[Supplied information Boundary: Start]

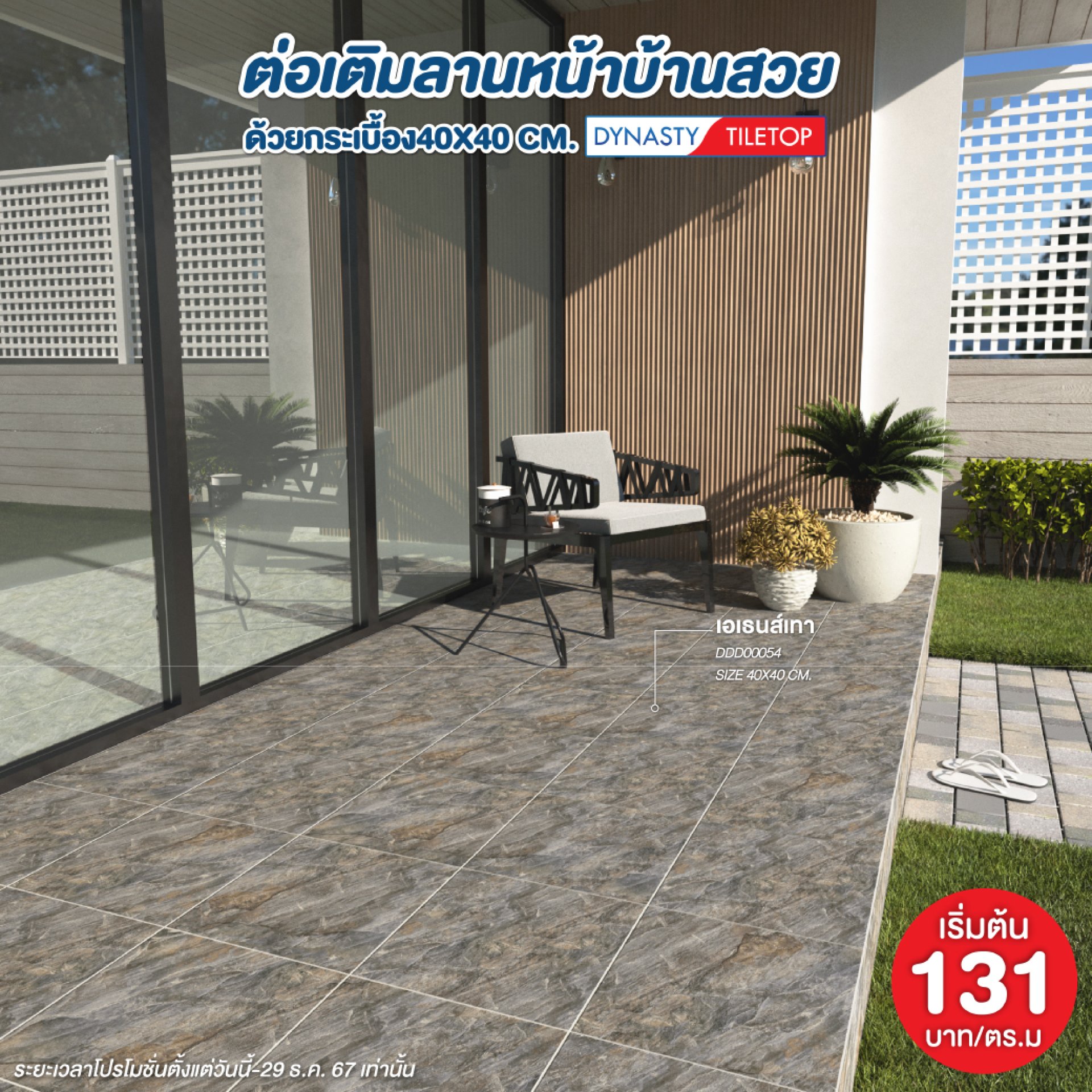 ต่อเติม/ปรับปรุงลานหน้าบ้านใหม่ใช้พื้นที่ไม่เยอะ แนะนำกระเบื้องเซรามิค ขนาด 40X40 CM. เริ่มต้น 131 บาท/ตร.ม. ราคาสบายกระเป๋า สุขใจตลอดทั้งเดือน ส่งท้ายปี ช้อปเลยที่ไดนาสตี้ ไทล์ท้อปทุกสาขา ทั่วไทย
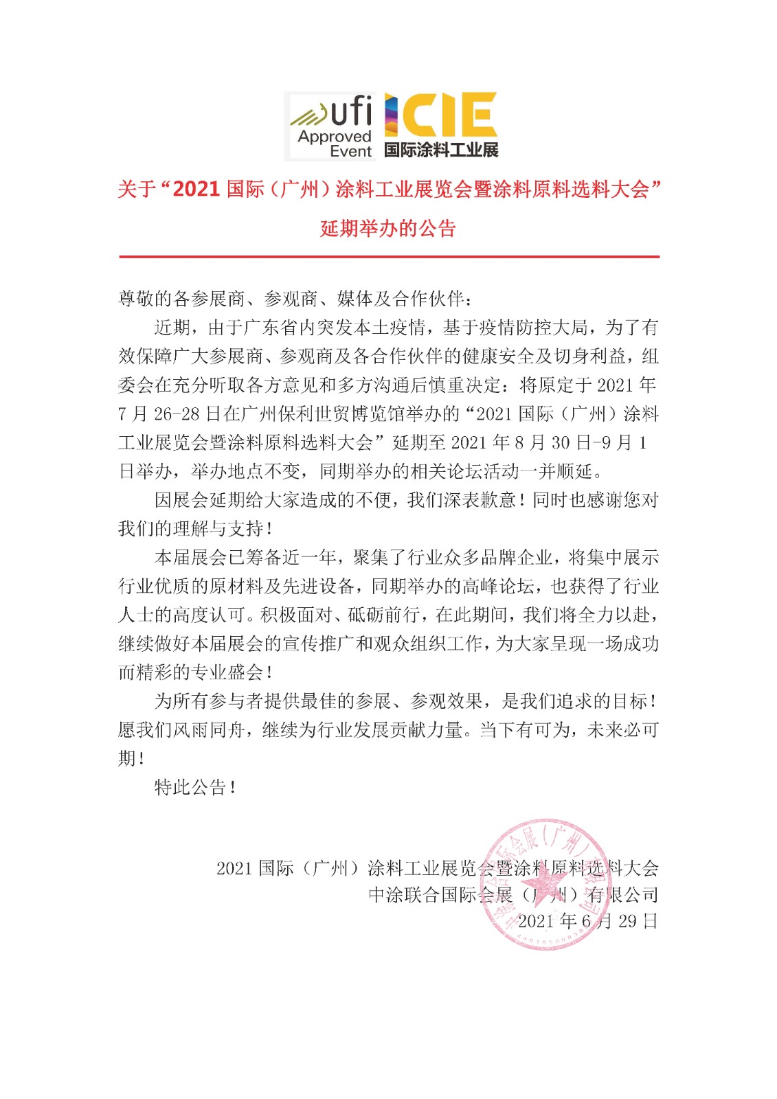 - 關(guān)于“2021國(guó)際(廣州)涂料工業(yè)展覽會(huì)”延期舉辦的公告...(2021-07-01)
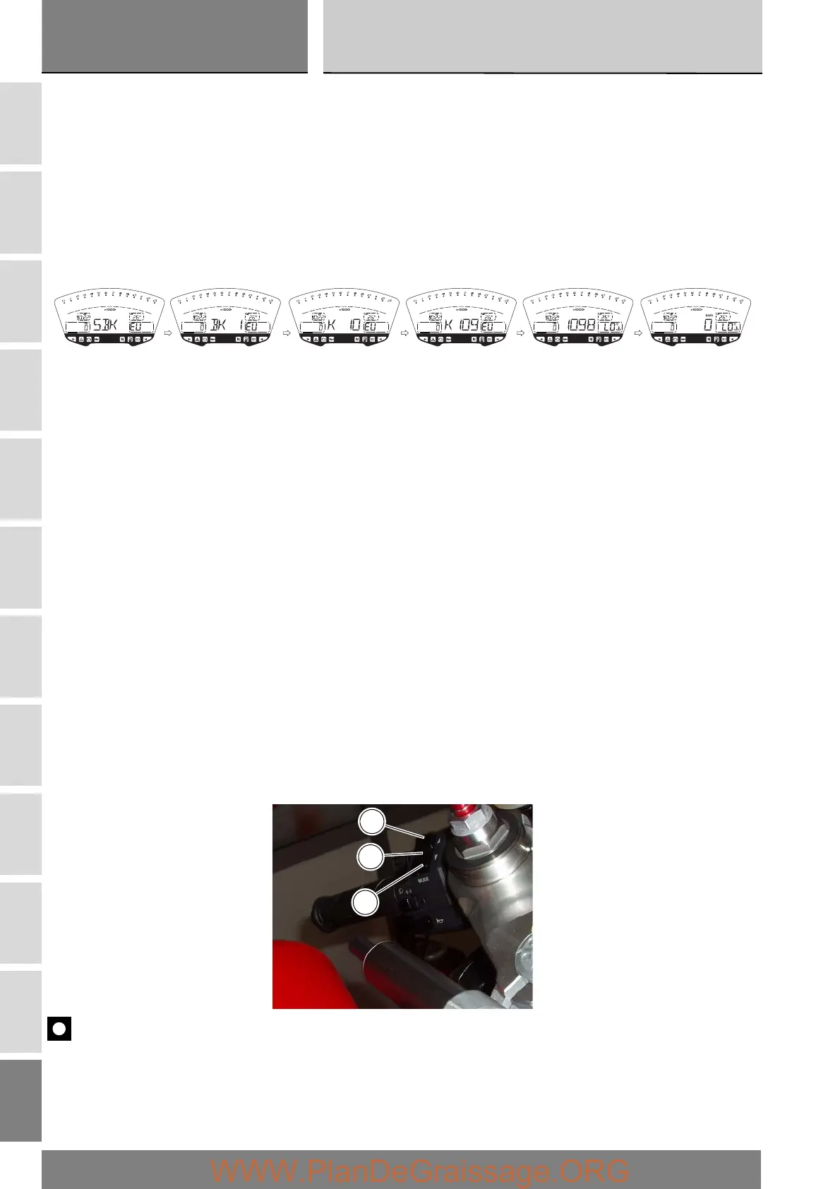 At this point, with button (1) in position A “▲” it is possible to switch from the odometer display function to the following

[Supplied information Boundary: End]

§ **Exercise**
Once the pictures have been removed, reproduce each line of the material above exactly.

§ **Task output**
 ต่อเติม/ปรับปรุงลานหน้าบ้านใหม่ใช้พื้นที่ไม่เยอะ แนะนำกระเบื้องเซรามิค ขนาด 40X40 CM. เริ่มต้น 131 บาท/ตร.ม. ราคาสบายกระเป๋า สุขใจตลอดทั้งเดือน ส่งท้ายปี ช้อปเลยที่ไดนาสตี้ ไทล์ท้อปทุกสาขา ทั่วไทย
 - 關(guān)于“2021國(guó)際(廣州)涂料工業(yè)展覽會(huì)”延期舉辦的公告...(2021-07-01)
 At this point, with button (1) in position A “▲” it is possible to switch from the odometer display function to the following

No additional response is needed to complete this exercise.